Hierarchical Indexing with Knowledge Enrichment for Multilingual Video Corpus Retrieval
Yu Wang, Tianhao Tan, Yifei Wang
TL;DR
This work tackles multilingual retrieval of long, terminology-dense medical instructional videos by proposing a multi-stage pipeline that semantically chunks subtitles, enriches chunks with knowledge-graph facts, and stores them in a hierarchical index using language-agnostic embeddings. Retrieval uses a coarse-to-fine tree search followed by multilingual LLM re-ranking to maintain precision while avoiding exhaustive cross-encoder scoring. Ablation studies demonstrate that KG enrichment, hierarchical indexing, and LLM re-ranking each contribute meaningfully, with LLM re-ranking providing the largest performance lift, and the overall system achieving state-of-the-art results on the mVCR benchmark. The approach offers a scalable solution for accurate multilingual video retrieval in specialized medical corpora, with future directions including structured KG reasoning, knowledge distillation for compact re-rankers, and incorporating multi-modal features.
Abstract
Retrieving relevant instructional videos from multilingual medical archives is crucial for answering complex, multi-hop questions across language boundaries. However, existing systems either compress hour-long videos into coarse embeddings or incur prohibitive costs for fine-grained matching. We tackle the Multilingual Video Corpus Retrieval (mVCR) task in the NLPCC-2025 M4IVQA challenge with a multi-stage framework that integrates multilingual semantics, domain terminology, and efficient long-form processing. Video subtitles are divided into semantically coherent chunks, enriched with concise knowledge-graph (KG) facts, and organized into a hierarchical tree whose node embeddings are generated by a language-agnostic multilingual encoder.
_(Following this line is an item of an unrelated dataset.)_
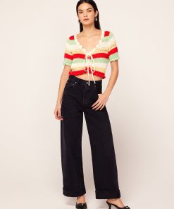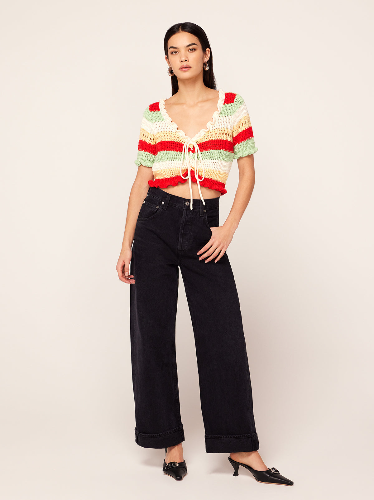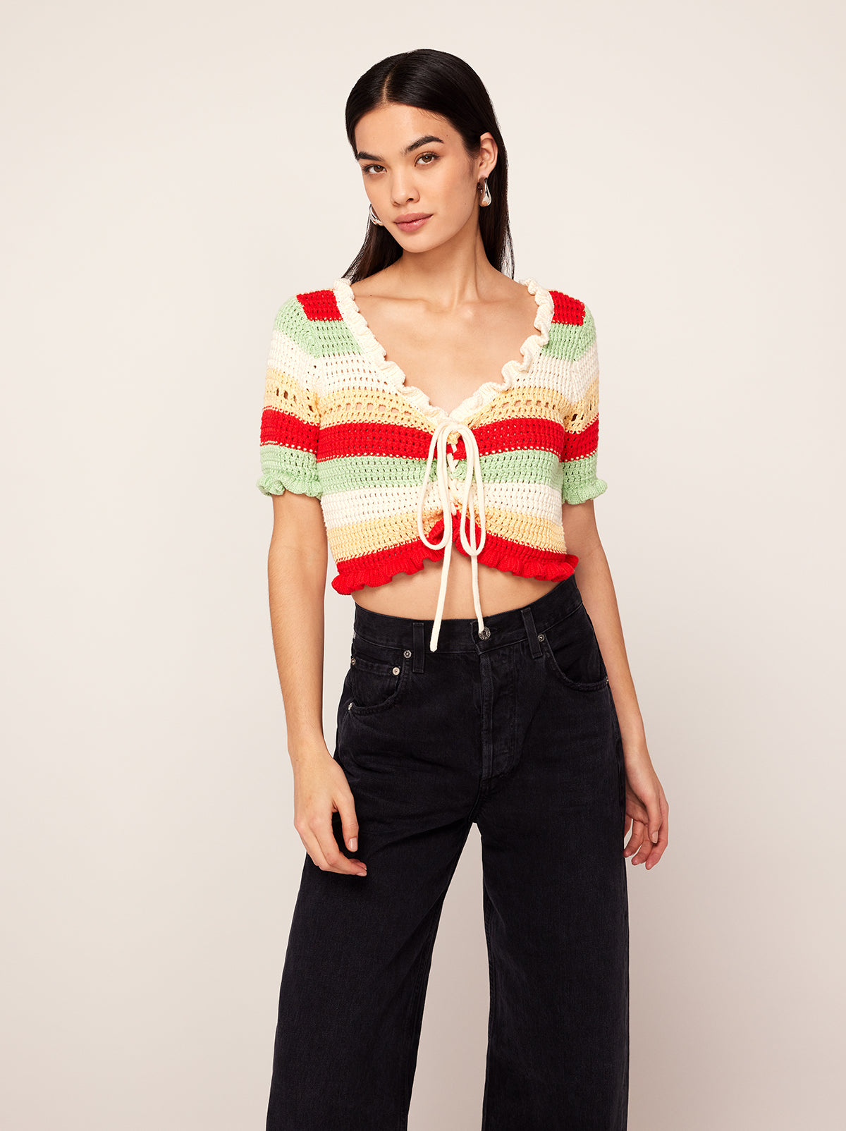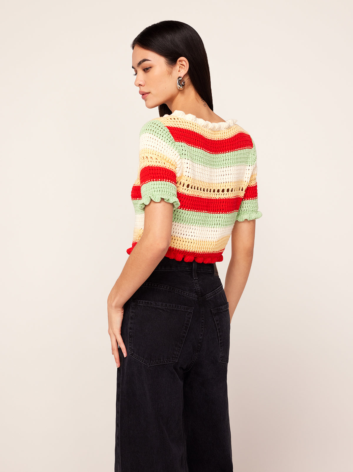 The cardigan of your spring dreams. Ally is a scoop neck, crochet knit in the perfect cropped length to skim the top of your high-waisted jeans. Her mood-boosting stripes in spring-hued yarn are the perfect pick-me-up as the weather warms.
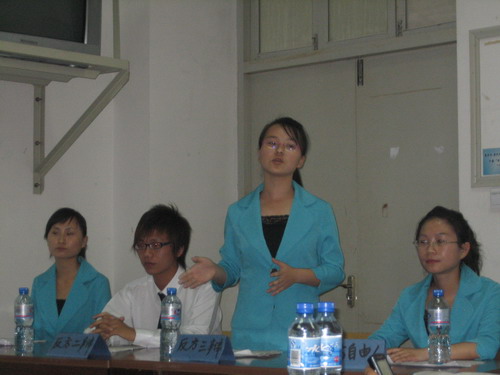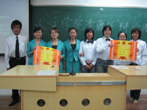 团委学生会主办的“青藤杯”辩论赛决赛在北校区1号楼201教室举行。王峰、曾蓓蕾老师以及谷超豪奖学金得主许棣同学担任了此次评委。决赛辩论的辩题为电脑时代是否会导致人际关系的隔离,06中本4班为正方,反方为05历本。经过激烈争辩,最终由05历本获得本次辩论赛总冠军。

At query time, the same encoder embeds the input question; a coarse-to-fine tree search prunes irrelevant branches, and only the top-ranked chunks are re-scored by a lightweight large language model (LLM). This design avoids exhaustive cross-encoder scoring while preserving chunk-level precision. Experiments on the mVCR test set demonstrate state-of-the-art performance, and ablation studies confirm the complementary contributions of KG enrichment, hierarchical indexing, and targeted LLM re-ranking. The proposed method offers an accurate and scalable solution for multilingual retrieval in specialized medical video collections.